WORK TO BE COMPLETED
Once the line with "불과 1~2년 전만 해도" is found in the entries below, repeat that line and every one after it exactly, ending at the last.

DATA PROVIDED

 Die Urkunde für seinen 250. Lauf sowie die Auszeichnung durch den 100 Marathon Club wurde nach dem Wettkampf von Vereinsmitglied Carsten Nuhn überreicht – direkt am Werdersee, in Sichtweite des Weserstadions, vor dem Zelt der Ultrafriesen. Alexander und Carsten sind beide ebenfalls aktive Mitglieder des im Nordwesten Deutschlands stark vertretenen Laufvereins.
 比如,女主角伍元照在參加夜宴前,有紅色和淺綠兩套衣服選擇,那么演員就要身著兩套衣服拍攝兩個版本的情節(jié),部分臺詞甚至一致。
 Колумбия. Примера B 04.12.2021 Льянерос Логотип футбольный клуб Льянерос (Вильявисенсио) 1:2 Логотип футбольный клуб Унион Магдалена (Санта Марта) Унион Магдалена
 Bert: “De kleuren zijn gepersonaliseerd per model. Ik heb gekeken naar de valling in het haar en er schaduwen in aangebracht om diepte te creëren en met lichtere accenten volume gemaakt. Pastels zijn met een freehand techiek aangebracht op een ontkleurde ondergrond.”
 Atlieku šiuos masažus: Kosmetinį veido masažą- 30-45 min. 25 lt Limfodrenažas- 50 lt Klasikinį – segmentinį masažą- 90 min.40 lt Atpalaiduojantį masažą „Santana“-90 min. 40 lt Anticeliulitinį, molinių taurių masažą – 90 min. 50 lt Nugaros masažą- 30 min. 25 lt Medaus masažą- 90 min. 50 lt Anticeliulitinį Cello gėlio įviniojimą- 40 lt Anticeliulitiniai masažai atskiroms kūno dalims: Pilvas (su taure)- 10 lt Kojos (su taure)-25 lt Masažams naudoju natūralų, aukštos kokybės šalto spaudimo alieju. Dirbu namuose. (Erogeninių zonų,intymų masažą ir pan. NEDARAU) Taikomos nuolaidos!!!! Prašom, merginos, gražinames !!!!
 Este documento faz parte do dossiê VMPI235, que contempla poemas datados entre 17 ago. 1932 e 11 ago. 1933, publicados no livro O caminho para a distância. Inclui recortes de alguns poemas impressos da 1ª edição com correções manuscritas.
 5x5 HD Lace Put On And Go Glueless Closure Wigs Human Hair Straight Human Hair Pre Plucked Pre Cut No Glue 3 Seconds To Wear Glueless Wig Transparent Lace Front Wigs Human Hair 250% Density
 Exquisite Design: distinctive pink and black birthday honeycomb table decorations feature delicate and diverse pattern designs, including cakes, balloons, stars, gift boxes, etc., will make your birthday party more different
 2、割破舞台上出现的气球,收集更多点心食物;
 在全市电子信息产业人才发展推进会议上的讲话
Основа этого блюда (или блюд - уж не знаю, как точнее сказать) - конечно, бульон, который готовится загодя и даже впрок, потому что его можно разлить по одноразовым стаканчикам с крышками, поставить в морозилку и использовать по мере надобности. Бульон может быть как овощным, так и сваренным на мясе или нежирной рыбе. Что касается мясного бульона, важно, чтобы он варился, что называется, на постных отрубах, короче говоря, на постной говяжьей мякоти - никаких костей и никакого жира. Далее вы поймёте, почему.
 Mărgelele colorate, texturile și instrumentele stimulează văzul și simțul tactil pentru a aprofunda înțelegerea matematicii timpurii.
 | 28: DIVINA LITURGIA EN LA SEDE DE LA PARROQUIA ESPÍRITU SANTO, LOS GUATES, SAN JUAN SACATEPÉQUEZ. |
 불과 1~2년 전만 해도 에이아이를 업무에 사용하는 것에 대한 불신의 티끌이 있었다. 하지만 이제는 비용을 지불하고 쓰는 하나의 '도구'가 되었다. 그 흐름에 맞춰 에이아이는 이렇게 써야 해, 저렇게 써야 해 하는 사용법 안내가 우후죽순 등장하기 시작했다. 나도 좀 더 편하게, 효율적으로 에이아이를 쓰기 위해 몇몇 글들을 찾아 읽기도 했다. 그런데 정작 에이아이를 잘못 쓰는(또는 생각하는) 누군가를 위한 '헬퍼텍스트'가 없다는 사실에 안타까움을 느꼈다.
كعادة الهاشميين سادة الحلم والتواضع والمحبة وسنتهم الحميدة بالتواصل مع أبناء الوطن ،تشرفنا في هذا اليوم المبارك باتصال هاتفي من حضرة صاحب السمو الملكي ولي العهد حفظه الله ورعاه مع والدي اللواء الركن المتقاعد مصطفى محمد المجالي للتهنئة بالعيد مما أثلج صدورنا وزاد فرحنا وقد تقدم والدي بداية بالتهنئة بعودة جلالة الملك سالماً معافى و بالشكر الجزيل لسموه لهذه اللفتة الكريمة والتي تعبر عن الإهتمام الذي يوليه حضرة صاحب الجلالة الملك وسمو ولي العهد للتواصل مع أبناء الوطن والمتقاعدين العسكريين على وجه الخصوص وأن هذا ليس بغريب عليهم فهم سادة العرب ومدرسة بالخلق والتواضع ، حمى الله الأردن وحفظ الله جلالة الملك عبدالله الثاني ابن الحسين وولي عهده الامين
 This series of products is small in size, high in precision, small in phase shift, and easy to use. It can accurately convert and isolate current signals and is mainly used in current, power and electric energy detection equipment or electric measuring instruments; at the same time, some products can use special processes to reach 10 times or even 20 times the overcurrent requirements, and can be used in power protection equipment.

COMPLETED EXERCISE
 불과 1~2년 전만 해도 에이아이를 업무에 사용하는 것에 대한 불신의 티끌이 있었다. 하지만 이제는 비용을 지불하고 쓰는 하나의 '도구'가 되었다. 그 흐름에 맞춰 에이아이는 이렇게 써야 해, 저렇게 써야 해 하는 사용법 안내가 우후죽순 등장하기 시작했다. 나도 좀 더 편하게, 효율적으로 에이아이를 쓰기 위해 몇몇 글들을 찾아 읽기도 했다. 그런데 정작 에이아이를 잘못 쓰는(또는 생각하는) 누군가를 위한 '헬퍼텍스트'가 없다는 사실에 안타까움을 느꼈다.
كعادة الهاشميين سادة الحلم والتواضع والمحبة وسنتهم الحميدة بالتواصل مع أبناء الوطن ،تشرفنا في هذا اليوم المبارك باتصال هاتفي من حضرة صاحب السمو الملكي ولي العهد حفظه الله ورعاه مع والدي اللواء الركن المتقاعد مصطفى محمد المجالي للتهنئة بالعيد مما أثلج صدورنا وزاد فرحنا وقد تقدم والدي بداية بالتهنئة بعودة جلالة الملك سالماً معافى و بالشكر الجزيل لسموه لهذه اللفتة الكريمة والتي تعبر عن الإهتمام الذي يوليه حضرة صاحب الجلالة الملك وسمو ولي العهد للتواصل مع أبناء الوطن والمتقاعدين العسكريين على وجه الخصوص وأن هذا ليس بغريب عليهم فهم سادة العرب ومدرسة بالخلق والتواضع ، حمى الله الأردن وحفظ الله جلالة الملك عبدالله الثاني ابن الحسين وولي عهده الامين
 This series of products is small in size, high in precision, small in phase shift, and easy to use. It can accurately convert and isolate current signals and is mainly used in current, power and electric energy detection equipment or electric measuring instruments; at the same time, some products can use special processes to reach 10 times or even 20 times the overcurrent requirements, and can be used in power protection equipment.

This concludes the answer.